Le ultime notizie sulle pensioni che riguardano i sindacati indicano che CGIL, CISL e UIL ancora una volta si dicono pronte a continuare il pressing sul governo e cercare di far “crescere dal basso il consenso” alle loro proposte sulla pensione anticipata, la flessibilità in uscita e la pensione per i lavoratori precoci con la Quota 41 o simili. Si segnala inoltre che la UIL ha fatto ricorso alla Corte Europea per quel che riguarda i rimborsi parziali ai pensionati per la mancata perequazione nel biennio 2012/13.

Ultime notizie pensioni: CGIL, CISL e UIL fanno pressione al governo Renzi, ma con che utilità?

I sindacati confederali hanno organizzato tra il 5 e il 10 ottobre scorsi una mobilitazione nazionale con la presenza di loro presidi in alcune piazze delle principali città d'Italia: in realtà una protesta “soft” a detta di molti e che non ha portato alcun risultato.

CGIL, CISL e UIL si dicono soddisfatte che nella Legge di Stabilità il governo Renzi abbia inserito misure sull'Opzione Donna e la salvaguardia degli esodati(peccato che le/gli interessate/i non siano del tutto convinte/i visto che sono misure parziali, in particolare la salvaguardia esodati che ne tutela circa metà dei rimanenti), sottolineando che essendo interventi a costo zero erano attuabili anche prima (in realtà per l'esecutivo ci sono dei costi, ma il balletto delle cifre è alquanto moviventato).

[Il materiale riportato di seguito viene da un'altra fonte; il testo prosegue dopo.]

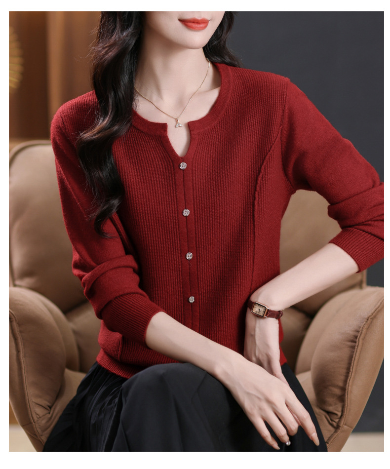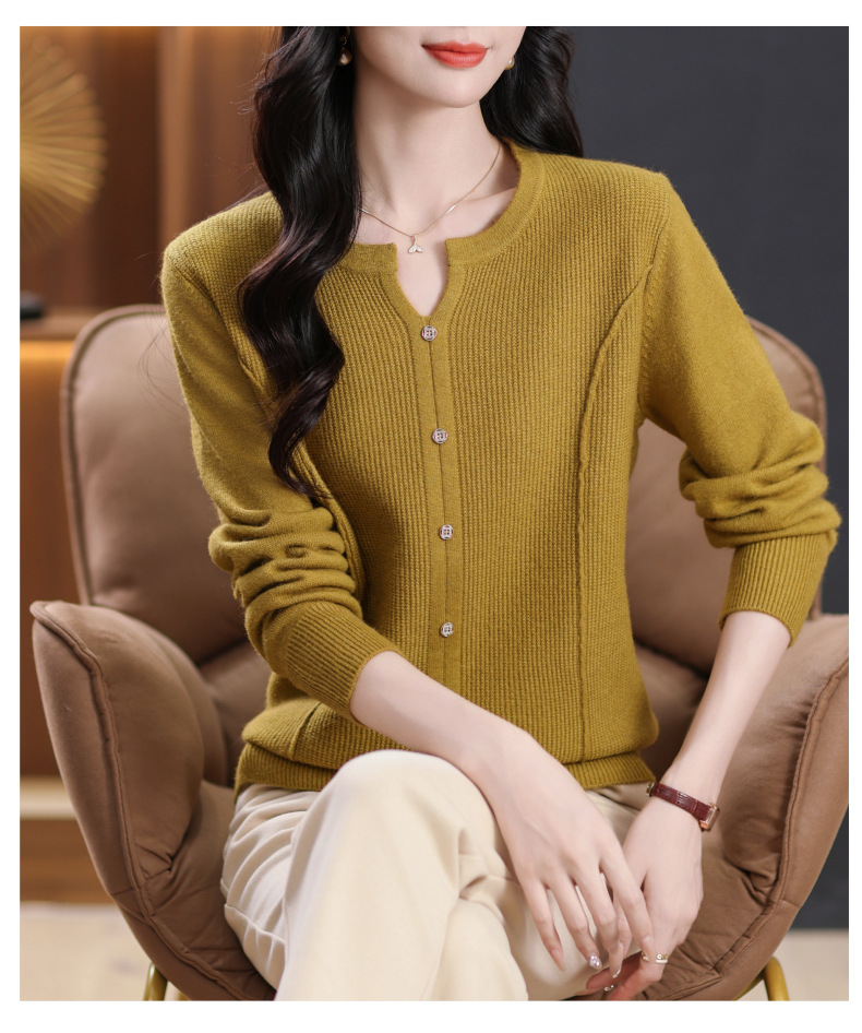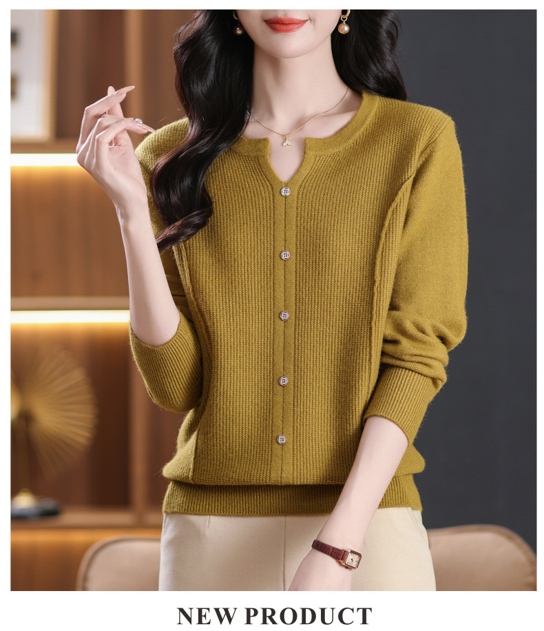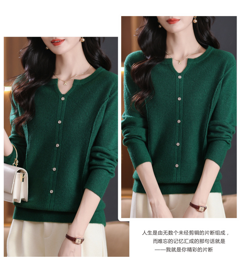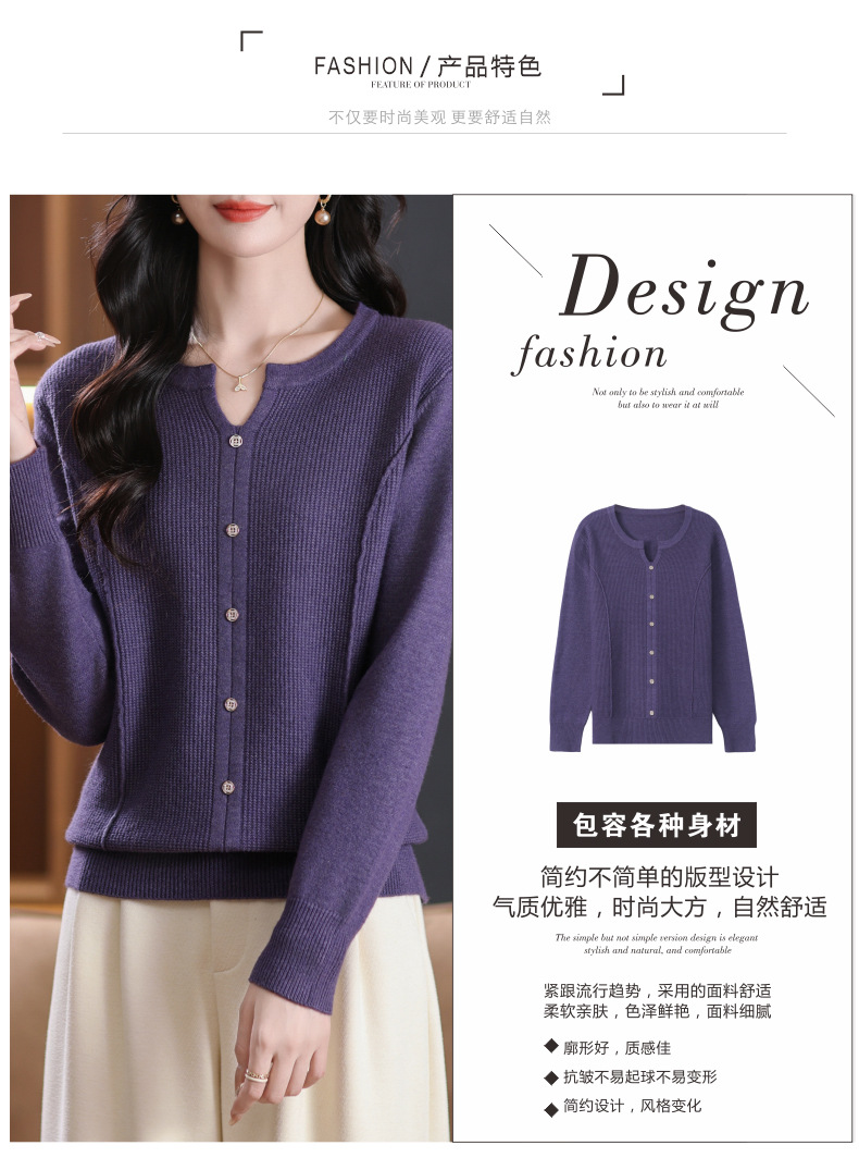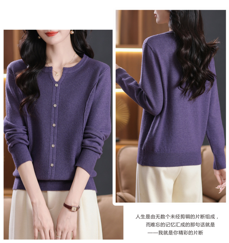 CC-5-6117秋季圆领减龄短款针织毛衣女2024新款大码宽松气质百搭纯色打底衫

Rimanendo però insolute le questioni inerenti la Quota 41 per i precoci -comunque della pensione per questi lavoratori-, dei Quota 96 della Scuola, della flessibilità in uscita in generale, i tre sindacati maggiori comunicano congiuntamente che “intendono continuare e rafforzare le iniziative di mobilitazione per cambiare la Legge di Stabilità, sia attraverso l’azione di pressione e confronto politico da condurre, a livello nazionale, nei confronti del Governo, delle Commissioni competenti di Camera e Senato e dei Gruppi parlamentari, sia mediante iniziative territoriali unitarie e diffuse, che facciano crescere dal basso consenso alla nostra proposta”.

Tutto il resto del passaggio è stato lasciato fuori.